→ **Extracted entries**

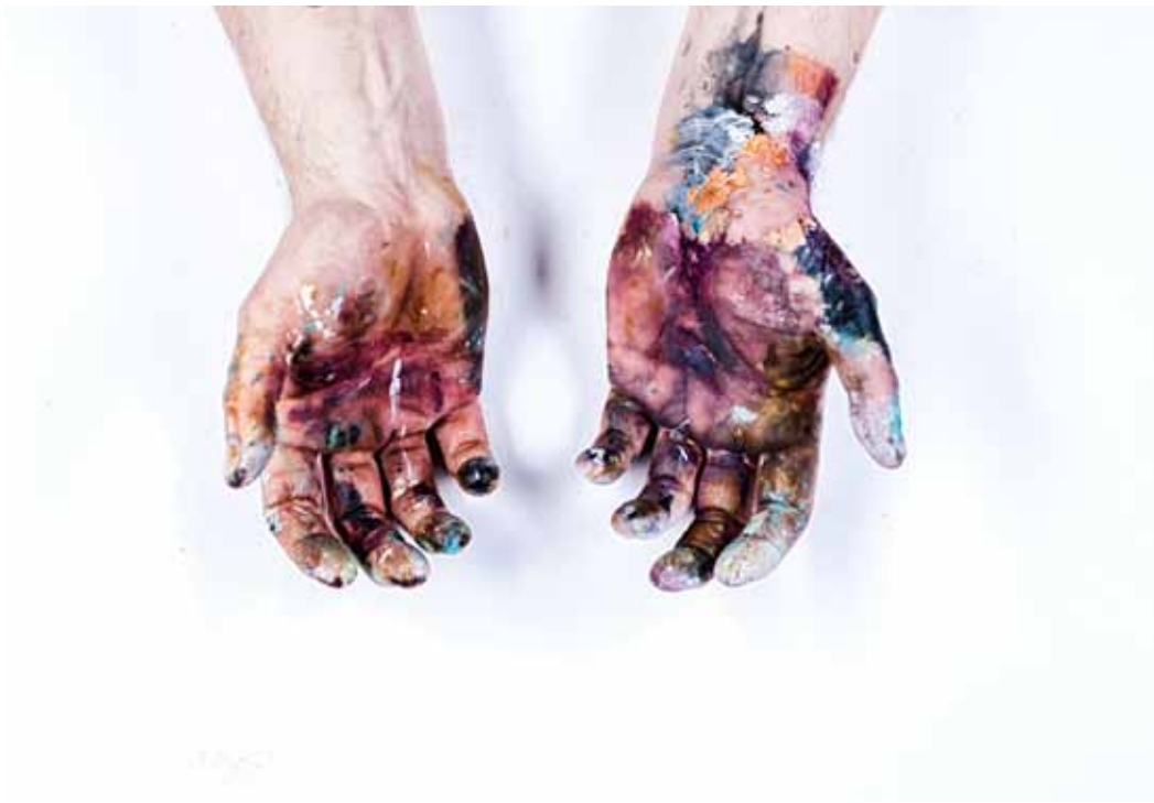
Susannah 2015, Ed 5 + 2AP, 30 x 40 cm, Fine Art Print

...

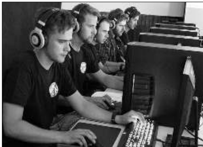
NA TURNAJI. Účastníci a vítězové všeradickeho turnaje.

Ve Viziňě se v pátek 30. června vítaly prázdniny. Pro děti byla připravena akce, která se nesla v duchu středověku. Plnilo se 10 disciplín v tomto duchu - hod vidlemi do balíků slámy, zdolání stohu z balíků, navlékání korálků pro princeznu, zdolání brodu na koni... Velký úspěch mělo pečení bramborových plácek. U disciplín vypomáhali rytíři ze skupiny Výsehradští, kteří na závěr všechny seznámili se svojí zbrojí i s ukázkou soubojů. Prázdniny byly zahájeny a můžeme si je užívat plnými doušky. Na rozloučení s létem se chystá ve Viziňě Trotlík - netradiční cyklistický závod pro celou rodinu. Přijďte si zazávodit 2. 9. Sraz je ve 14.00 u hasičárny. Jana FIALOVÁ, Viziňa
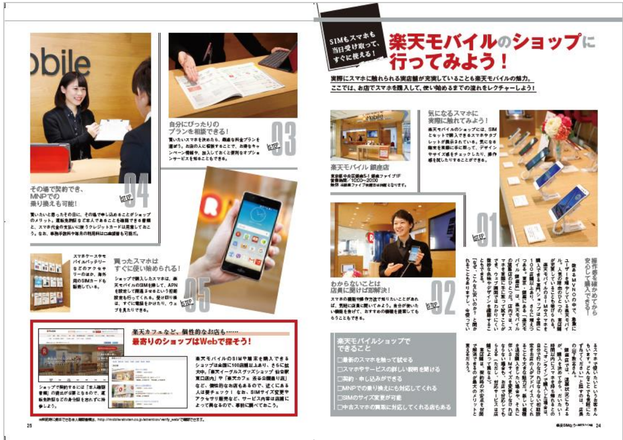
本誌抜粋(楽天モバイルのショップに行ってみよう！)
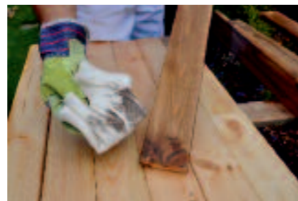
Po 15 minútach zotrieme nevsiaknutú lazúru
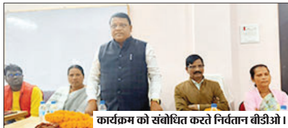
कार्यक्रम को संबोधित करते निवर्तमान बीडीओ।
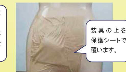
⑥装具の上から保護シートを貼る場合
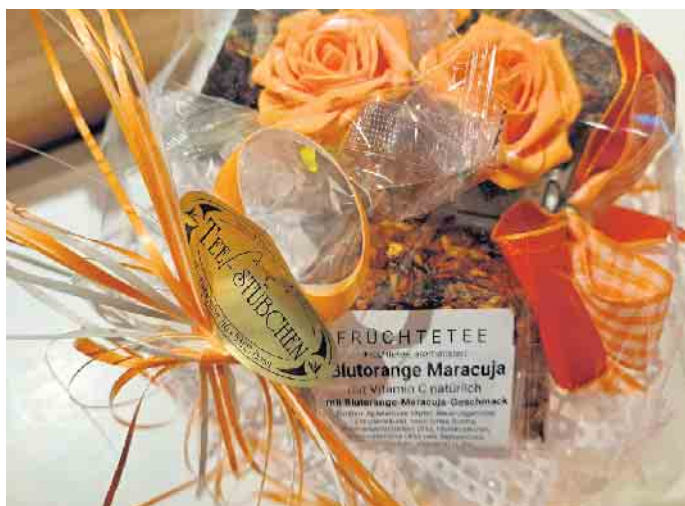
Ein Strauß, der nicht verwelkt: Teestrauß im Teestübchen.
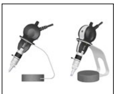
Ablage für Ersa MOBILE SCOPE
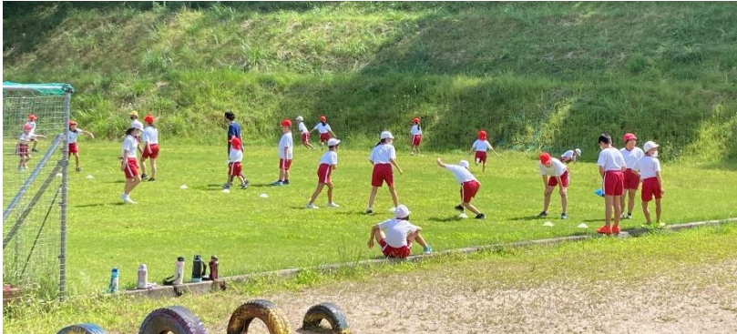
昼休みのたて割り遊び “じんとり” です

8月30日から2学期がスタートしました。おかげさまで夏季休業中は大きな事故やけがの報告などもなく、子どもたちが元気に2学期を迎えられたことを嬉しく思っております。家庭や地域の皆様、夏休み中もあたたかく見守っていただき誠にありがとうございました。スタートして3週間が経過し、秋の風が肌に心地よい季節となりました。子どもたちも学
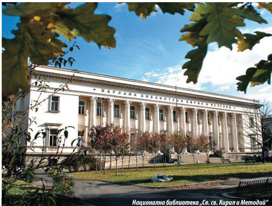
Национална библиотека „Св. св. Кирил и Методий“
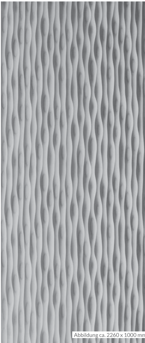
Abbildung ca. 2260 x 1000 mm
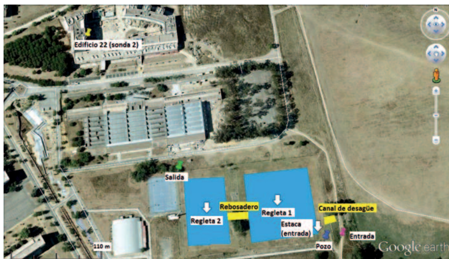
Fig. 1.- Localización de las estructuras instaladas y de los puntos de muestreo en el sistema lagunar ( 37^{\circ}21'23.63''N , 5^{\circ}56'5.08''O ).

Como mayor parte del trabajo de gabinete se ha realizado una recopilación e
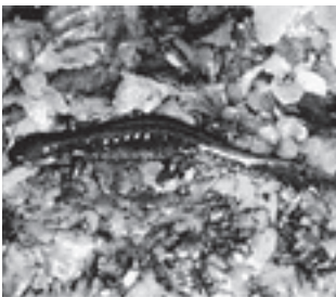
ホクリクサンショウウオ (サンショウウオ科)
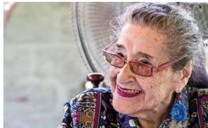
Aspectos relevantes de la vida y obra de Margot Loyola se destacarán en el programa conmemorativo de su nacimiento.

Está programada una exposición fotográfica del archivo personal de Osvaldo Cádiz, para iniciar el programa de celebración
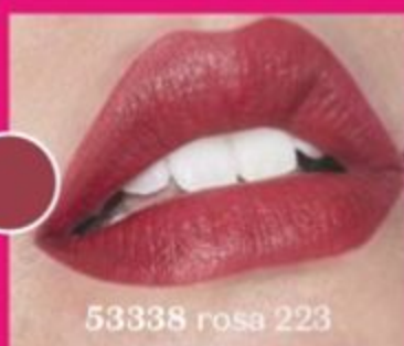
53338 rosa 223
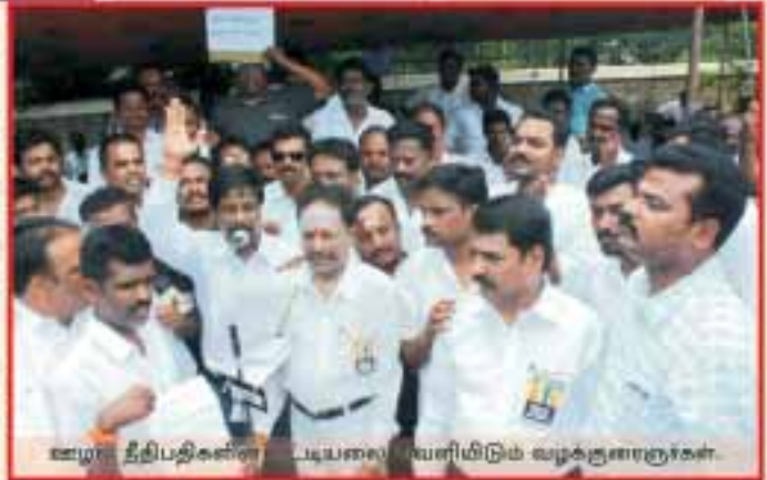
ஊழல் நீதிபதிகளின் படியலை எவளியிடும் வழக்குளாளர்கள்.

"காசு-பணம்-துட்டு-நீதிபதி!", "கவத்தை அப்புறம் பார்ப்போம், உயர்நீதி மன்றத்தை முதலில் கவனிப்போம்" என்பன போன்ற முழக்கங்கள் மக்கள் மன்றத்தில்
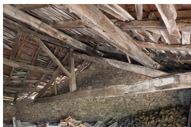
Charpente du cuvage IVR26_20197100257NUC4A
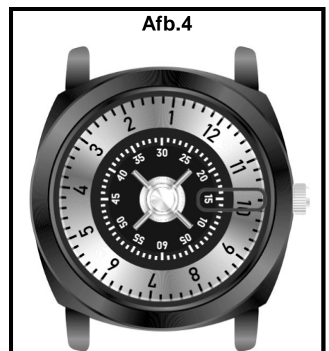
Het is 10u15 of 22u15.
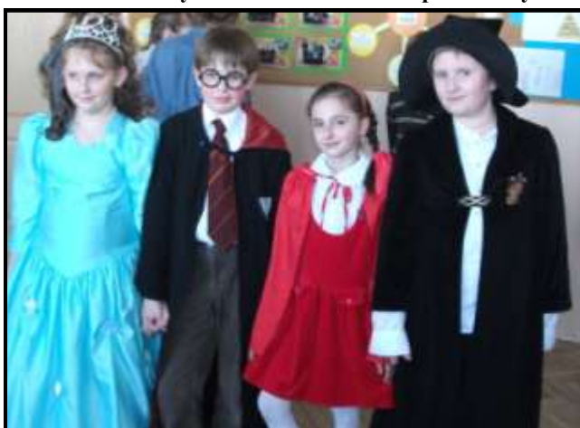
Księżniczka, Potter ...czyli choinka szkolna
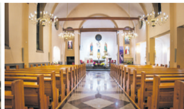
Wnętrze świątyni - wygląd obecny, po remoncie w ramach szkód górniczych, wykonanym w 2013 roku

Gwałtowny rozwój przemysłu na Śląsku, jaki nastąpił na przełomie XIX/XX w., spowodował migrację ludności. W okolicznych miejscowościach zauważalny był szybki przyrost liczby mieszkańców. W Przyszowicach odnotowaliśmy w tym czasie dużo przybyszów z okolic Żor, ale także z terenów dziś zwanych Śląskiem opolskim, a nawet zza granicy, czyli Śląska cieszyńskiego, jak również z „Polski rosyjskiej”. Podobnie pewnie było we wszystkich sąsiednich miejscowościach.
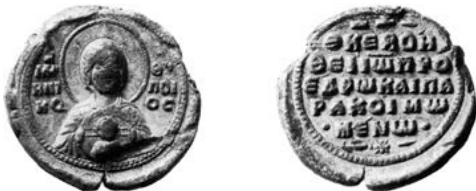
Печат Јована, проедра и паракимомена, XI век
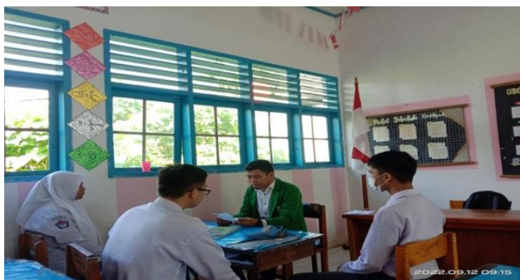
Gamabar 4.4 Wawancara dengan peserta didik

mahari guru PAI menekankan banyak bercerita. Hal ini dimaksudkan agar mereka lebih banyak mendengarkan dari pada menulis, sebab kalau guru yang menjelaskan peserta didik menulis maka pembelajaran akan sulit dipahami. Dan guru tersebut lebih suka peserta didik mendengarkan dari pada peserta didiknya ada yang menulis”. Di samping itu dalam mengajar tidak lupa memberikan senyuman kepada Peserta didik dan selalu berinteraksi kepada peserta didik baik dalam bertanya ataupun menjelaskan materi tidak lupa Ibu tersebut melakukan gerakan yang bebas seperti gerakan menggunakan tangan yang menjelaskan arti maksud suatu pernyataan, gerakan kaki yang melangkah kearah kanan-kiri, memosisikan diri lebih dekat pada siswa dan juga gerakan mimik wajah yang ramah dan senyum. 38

...

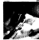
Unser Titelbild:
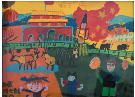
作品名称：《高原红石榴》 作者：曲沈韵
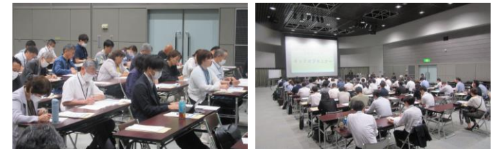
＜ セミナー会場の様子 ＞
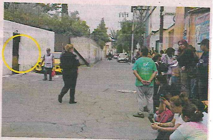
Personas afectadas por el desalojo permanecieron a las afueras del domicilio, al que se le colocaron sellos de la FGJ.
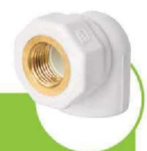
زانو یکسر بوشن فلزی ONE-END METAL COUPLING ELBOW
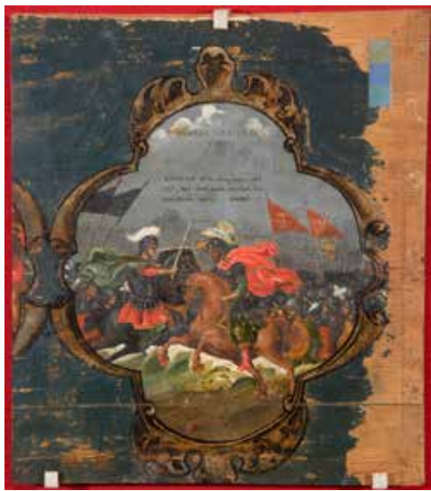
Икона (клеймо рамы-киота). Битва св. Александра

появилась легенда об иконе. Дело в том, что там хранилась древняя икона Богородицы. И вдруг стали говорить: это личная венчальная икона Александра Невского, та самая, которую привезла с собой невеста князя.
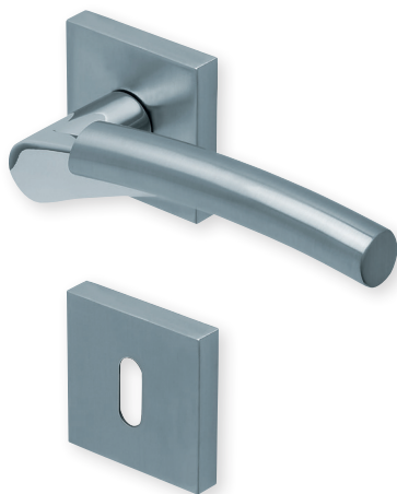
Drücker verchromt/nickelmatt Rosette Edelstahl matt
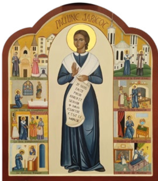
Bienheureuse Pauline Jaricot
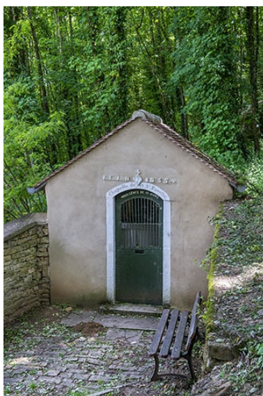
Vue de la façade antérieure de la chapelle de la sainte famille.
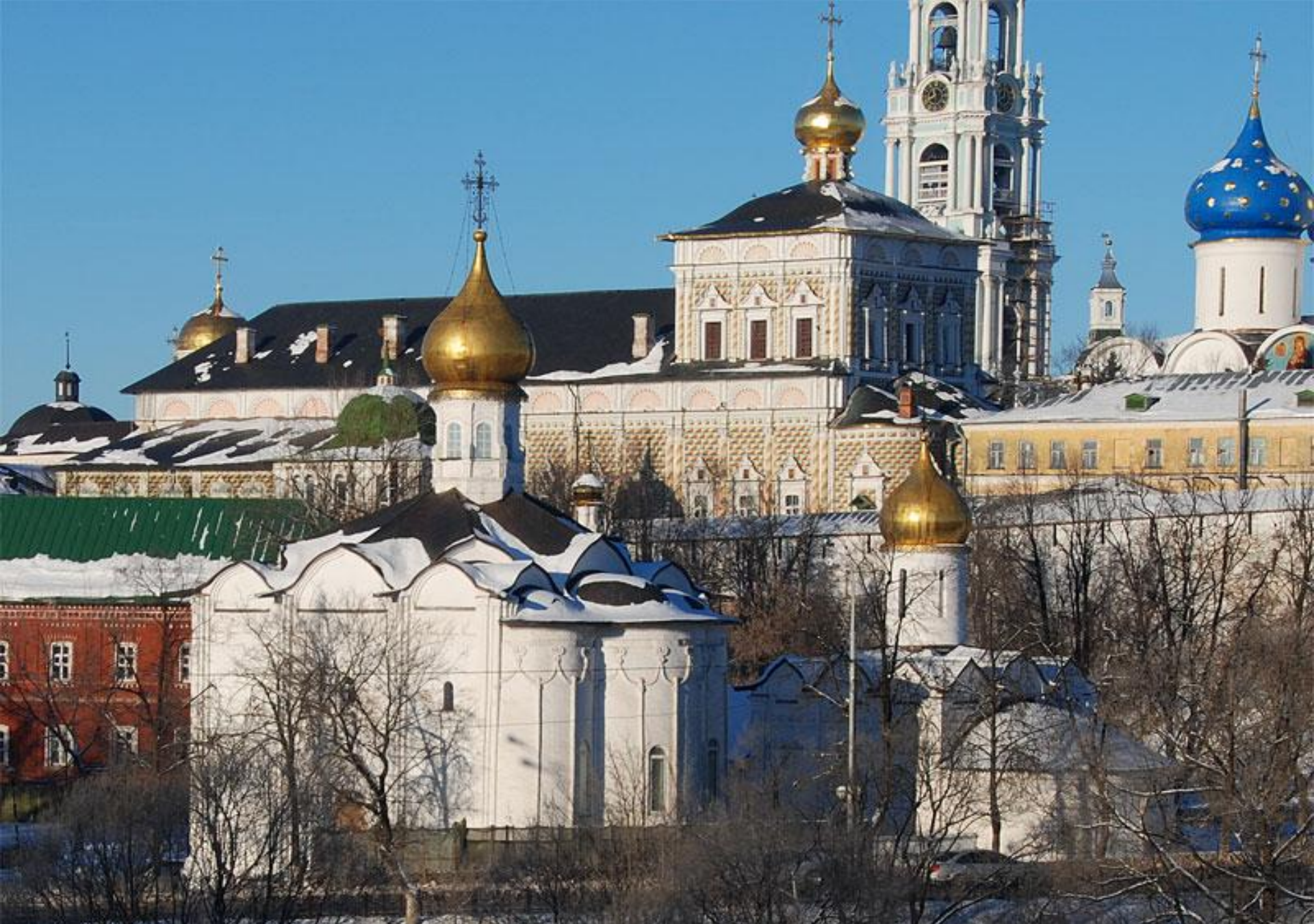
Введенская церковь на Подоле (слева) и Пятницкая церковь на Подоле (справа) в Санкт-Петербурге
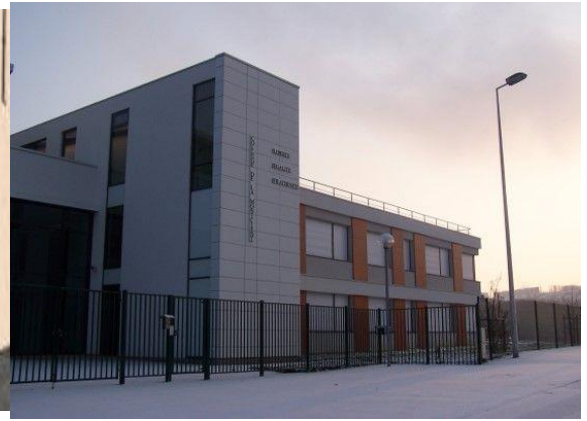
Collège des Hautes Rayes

→ **What the task asks**
Your task is to return each line of the data above that contains the string "Александра".

→ **Finished exercise**
Икона (клеймо рамы-киота). Битва св. Александра
появилась легенда об иконе. Дело в том, что там хранилась древняя икона Богородицы. И вдруг стали говорить: это личная венчальная икона Александра Невского, та самая, которую привезла с собой невеста князя.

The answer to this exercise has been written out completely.